Donut and OCR-Free Document Understanding

End-to-end document understanding without OCR: Donut reads document images directly and generates structured output, bypassing the error-prone OCR pipeline. Nougat extends this to academic paper parsing.

AdvancedTier 3CurrentSupporting~40 min

Prerequisites

Transformer Architecture Document Intelligence Paddleocr and Practical OCR

Prereq Map

Why This Matters

Traditional document intelligence pipelines rely on OCR as a first step: extract text, then reason about it. This creates a hard dependency on OCR quality. When OCR fails (handwritten text, degraded scans, unusual fonts, low-resolution images), every downstream component fails too. Errors compound through the pipeline.

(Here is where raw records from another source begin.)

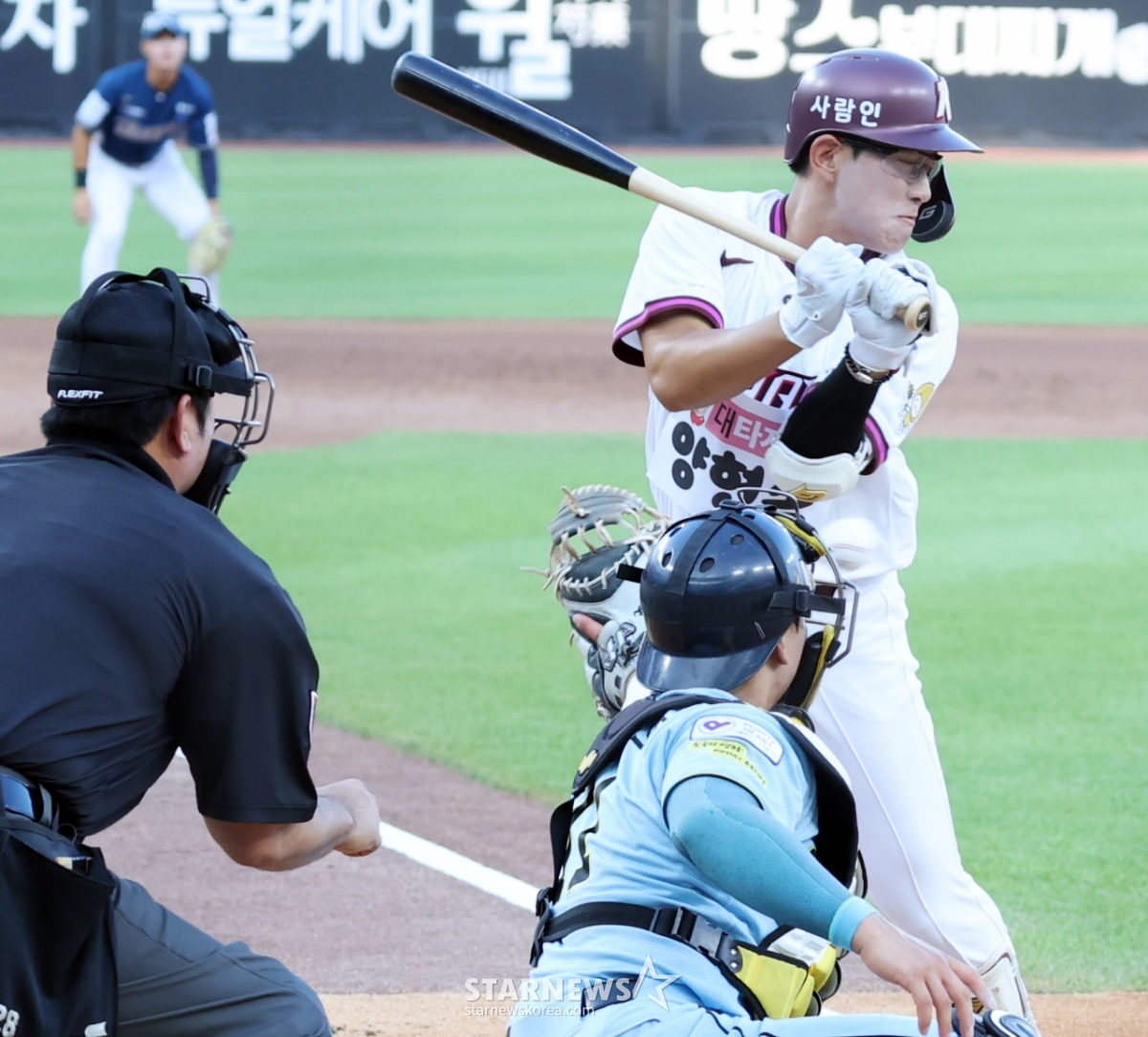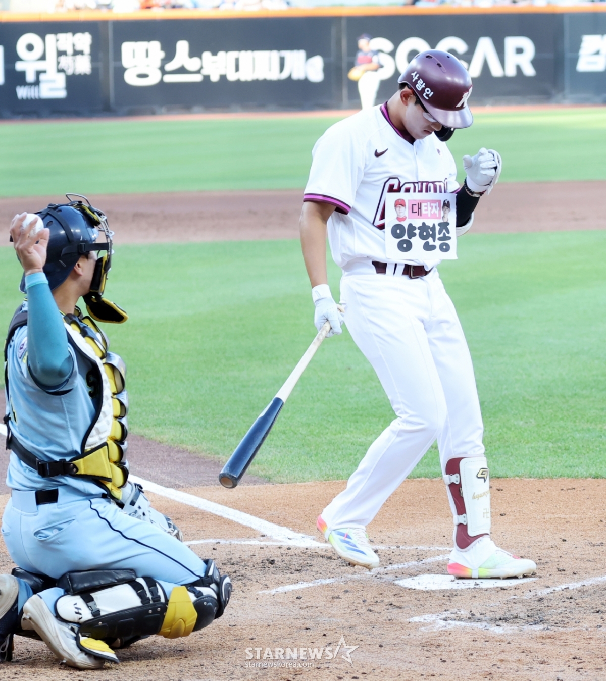 북부 양현종 함께 11일 대전한화생명볼파크에서 열린 2025KBO리그 퓨처스리그 올스타전 남부리그 대 북부리그경기 2회말 KIA투수 양현종 퍼포먼스를 한 후 타석에 들어서고 있다. 2025.07.11.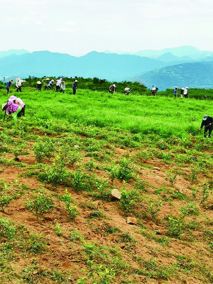 村民們在新茶園除草。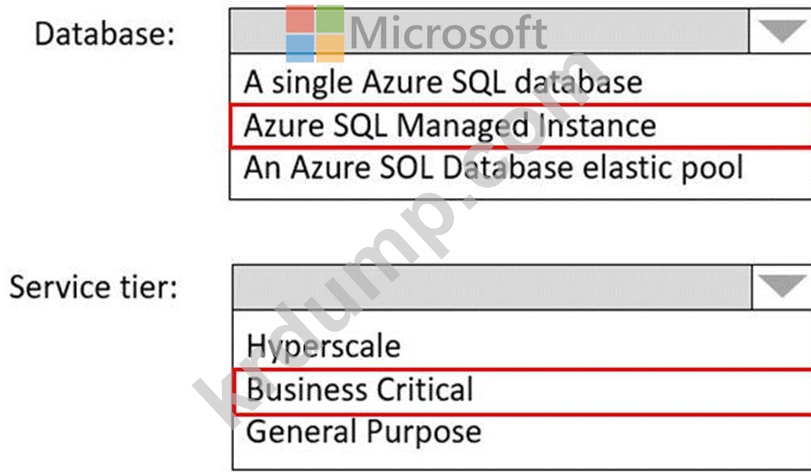 마이그레이션된 데이터베이스 DB1 및 DB2를 Azure에서 어떻게 구현해야 하나요?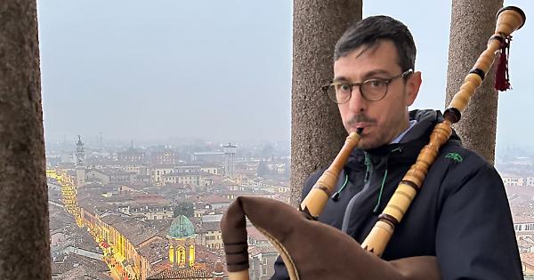 CREMA - Poco dopo le 16 di oggi, il segretario esecutivo del Club – l’avvocato Palmieri – è salito sul loggiato sommitale del campanile del Duomo, e con la sua cornamusa bergamasca (baghèt) ha interpretato alcune tra le più celebri melodie natalizie.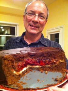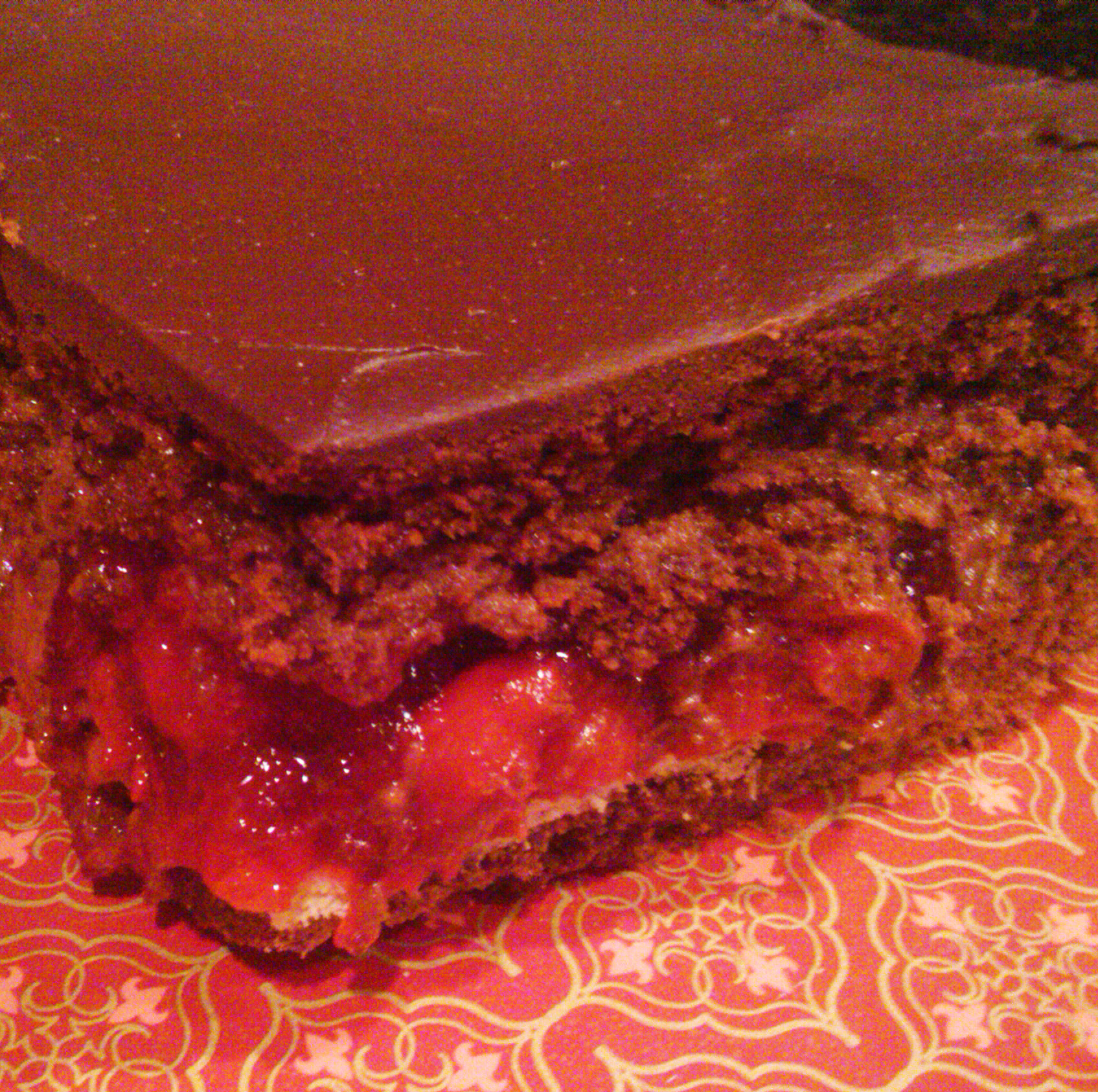 I had a small gathering of friends eager to see the result and it turned out quite well. I actually had pie-parazzi snapping photos and videos of the cutting of the cake. Kinda felt like I was at my wedding again:) The entire thing was dense but had a good flavor and the chocolate/cherry mix really was the bomb. I have some left over if you want to stop by and try it:)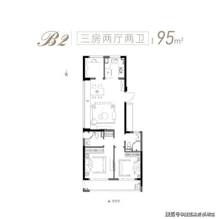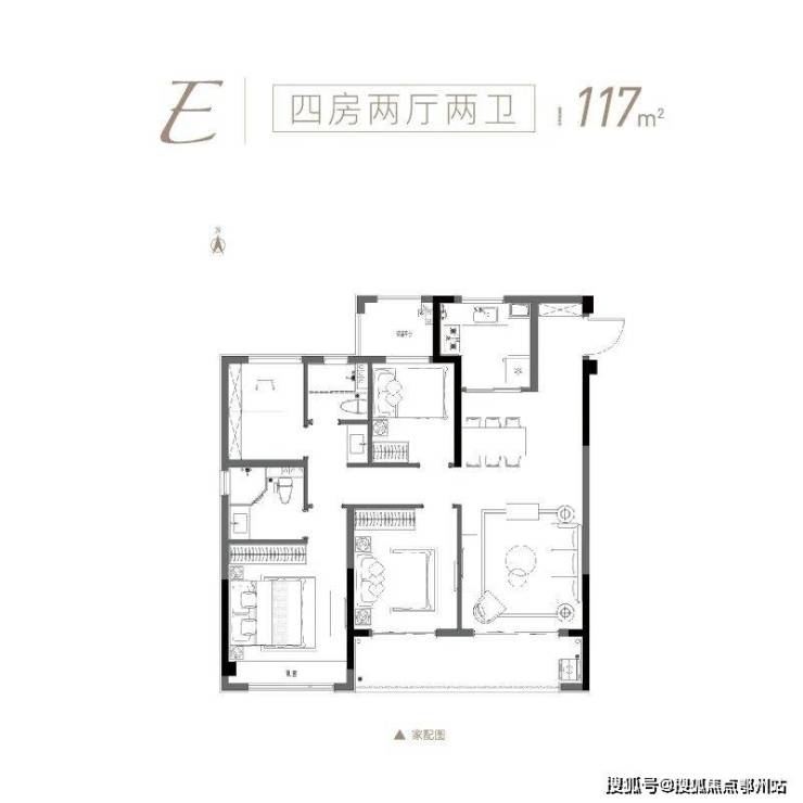 改善家庭格外中意约117㎡户型,该户型对面积的极致利用说的就是它! 毕竟这个面积段内能够做出4房的设计,在市场高层120㎡面积下,能做4房的户型非常少见。大华·峰汇华城建面约117㎡户型不仅在有限的空间内合理规划出四个方正空间,更是破天荒地做到了三开间朝南横向布局。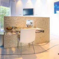 Elegant rooms are stylishly decorated with modern interiors and warm lighting.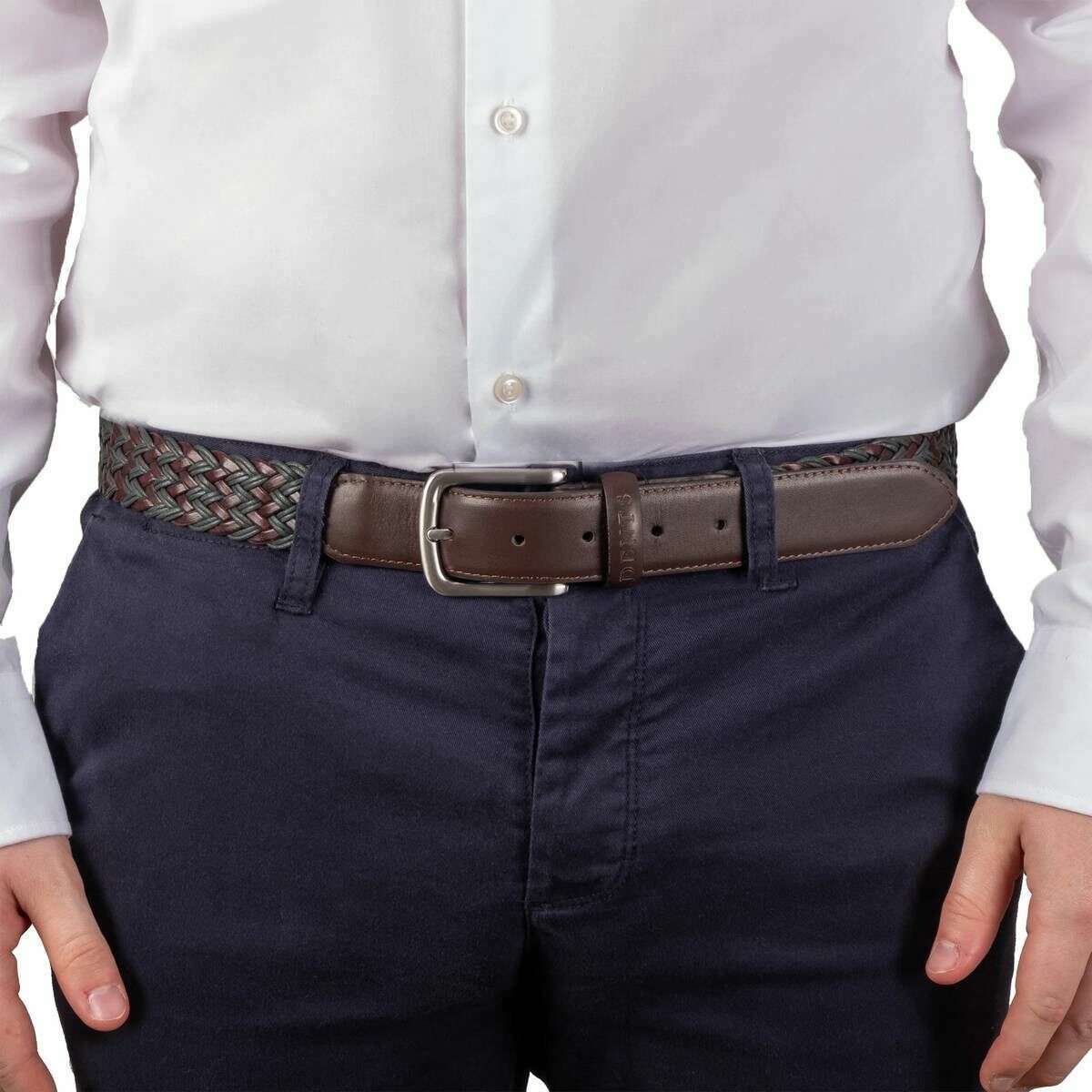 • Intrecciato , Estremità in pelle , Fibbia quadrata , Passante singolo in pelle , Goffrato , 5 fori , Larghezza 3,5 cm

Infographic on Donut and OCR-free document understanding: an end-to-end transformer that takes a document image and outputs a JSON record without an explicit OCR step. Shows the encoder-decoder architecture, contrasts with classical OCR + structured-output pipelines, lists strengths (no error compounding, lower latency) and weaknesses (no per-token confidence, harder to debug). — OCR-free models replace the OCR pipeline with a single image-to-JSON transformer. No error compounding; harder to debug.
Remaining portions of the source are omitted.